MolProbity evaluates each residue's φ/ψ angles against a modern reference distribution derived from nearly a million high-quality reference residues. Residues are classified as:

  • Favored: ~98% of observed angles in well-built structures. These conformations are energetically favorable and sterically optimal.
  • Allowed: ~2% of observed angles. Sterically permissible but less common.
  • Outlier: ~0.5% or fewer. Outside expected regions, flagging either modeling errors or unusual but genuine functional conformations.

The tool applies residue-specific distributions because glycine (no sidechain) has much broader allowed regions, while proline (cyclic sidechain) is severely restricted to φ ≈ -60°.

Rotamer sidechain assessment

Sidechains adopt discrete rotameric conformations where chi (χ) dihedral angles cluster around staggered orientations (±60°, 180°). These rotamers are energetically favorable because they minimize clash between the sidechain and backbone.

MolProbity classifies each sidechain rotamer as:

  • Favored: 98% of observed rotamers in quality structures. Standard conformations well-supported by geometry.
  • Allowed: Intermediate conformations, less common but sterically feasible.
  • Outlier: 0.3% or fewer residues. These flag either genuine functional conformations or sidechain placement errors during structure building.

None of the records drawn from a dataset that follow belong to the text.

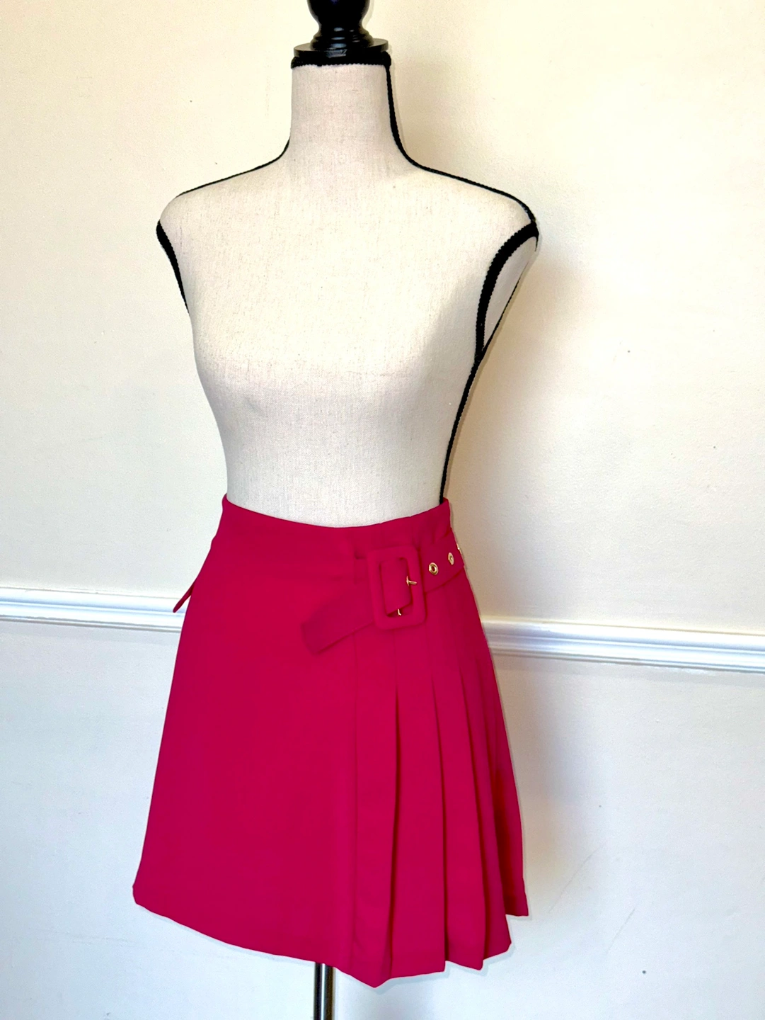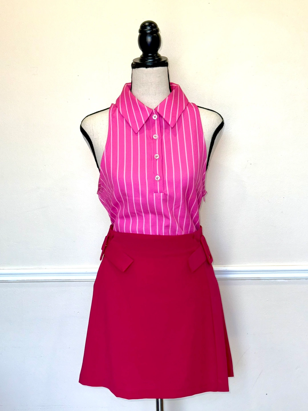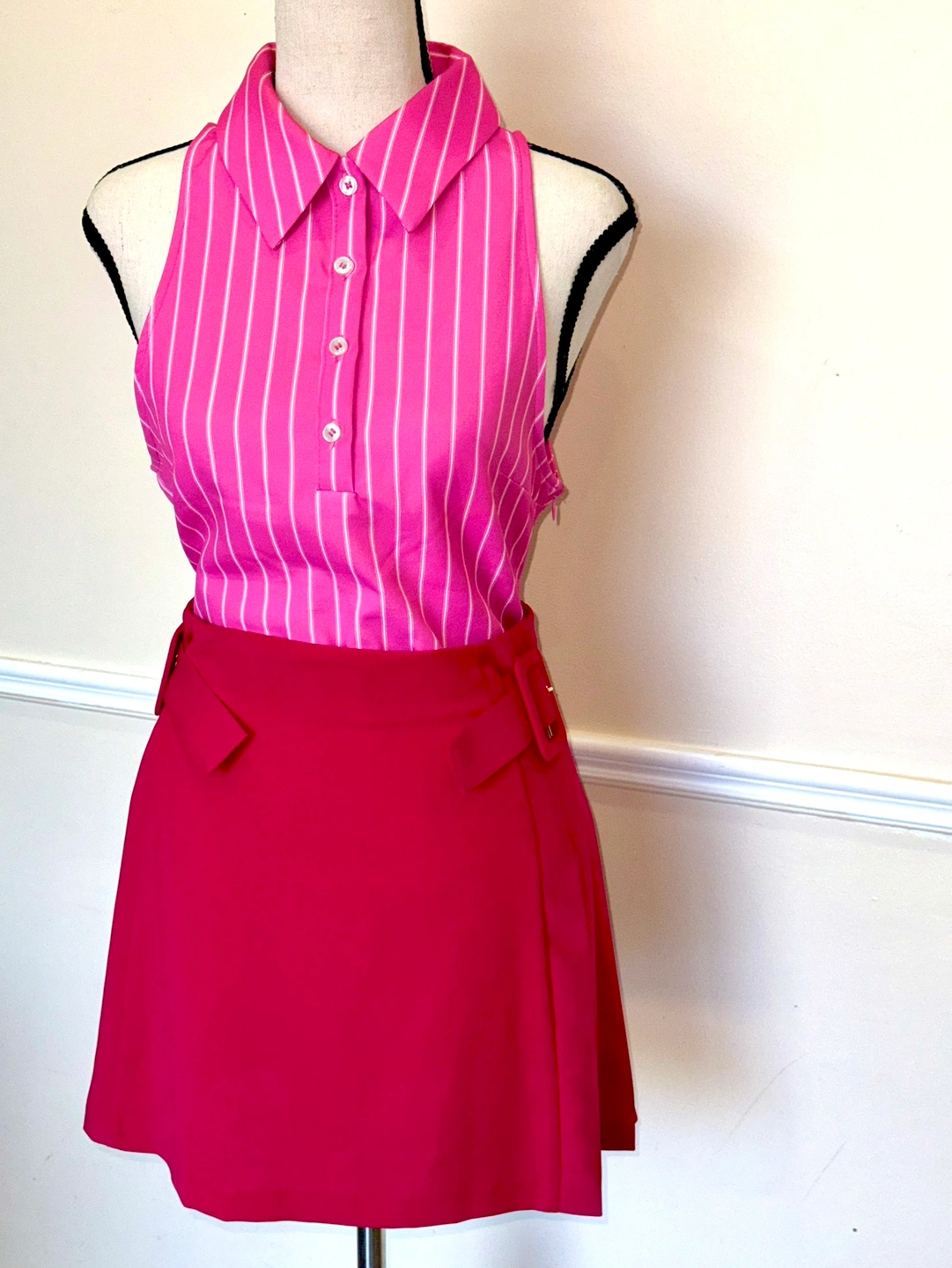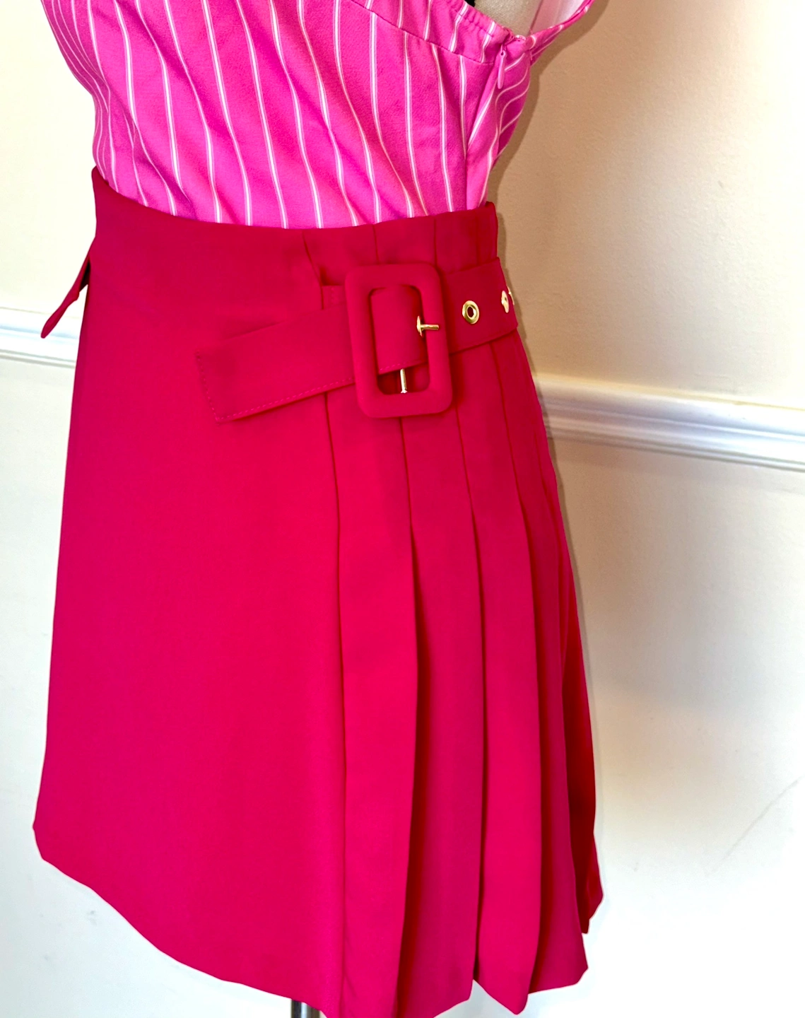 A cute pink pleated skirt with a matching belt & pink striped bodysuit.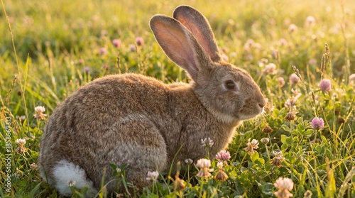 rabbit, rabbit, flemish, giant, animal, wildlife, nature, outdoors, field, grass, clover, flower, pet, mammal, cute, adorable, fluffy, fur, ear, long, brown, grey, beige, soft, gentle, peaceful, calm, serene, sunlight, gold, warm, light, evening, dusk, dawn, meadow, pasture, rural, countryside, habitat, wild, domestic, breed, portrait, side, profile, closeup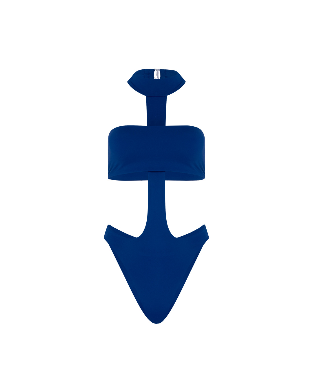 In timeless navy, it features daring side cutouts and a low-rise design that oozes confidence. The halter neck, complete with a chic choker, adds a touch of drama, fastening effortlessly at the back with a sleek swan hook closure.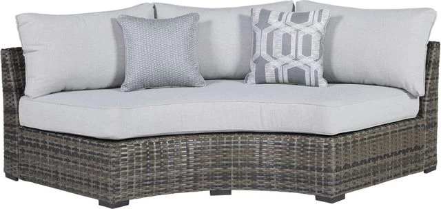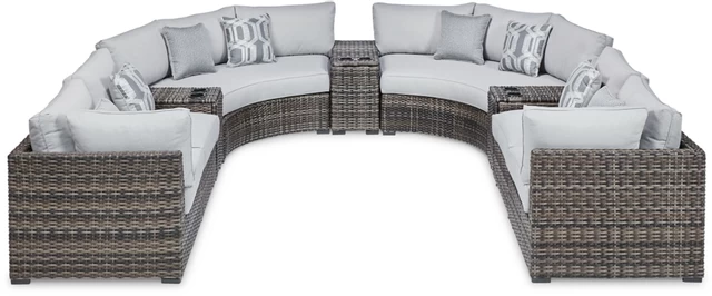 Includes 2 outdoor armless chairs with cushions, 2 corner chairs with cushions, 3 consoles with drink holders and 2 outdoor curved loveseats with cushions

Non-glycine, non-alanine residues are evaluated; glycine has no sidechain and alanine's sidechain is too small to adopt rotamers.

C-beta and backbone geometry

MolProbity checks for C-beta deviations, where the measured C-beta position deviates from ideal geometry predicted from backbone (N, Cα, C) coordinates. Large deviations suggest problems with local backbone geometry or sidechain modeling.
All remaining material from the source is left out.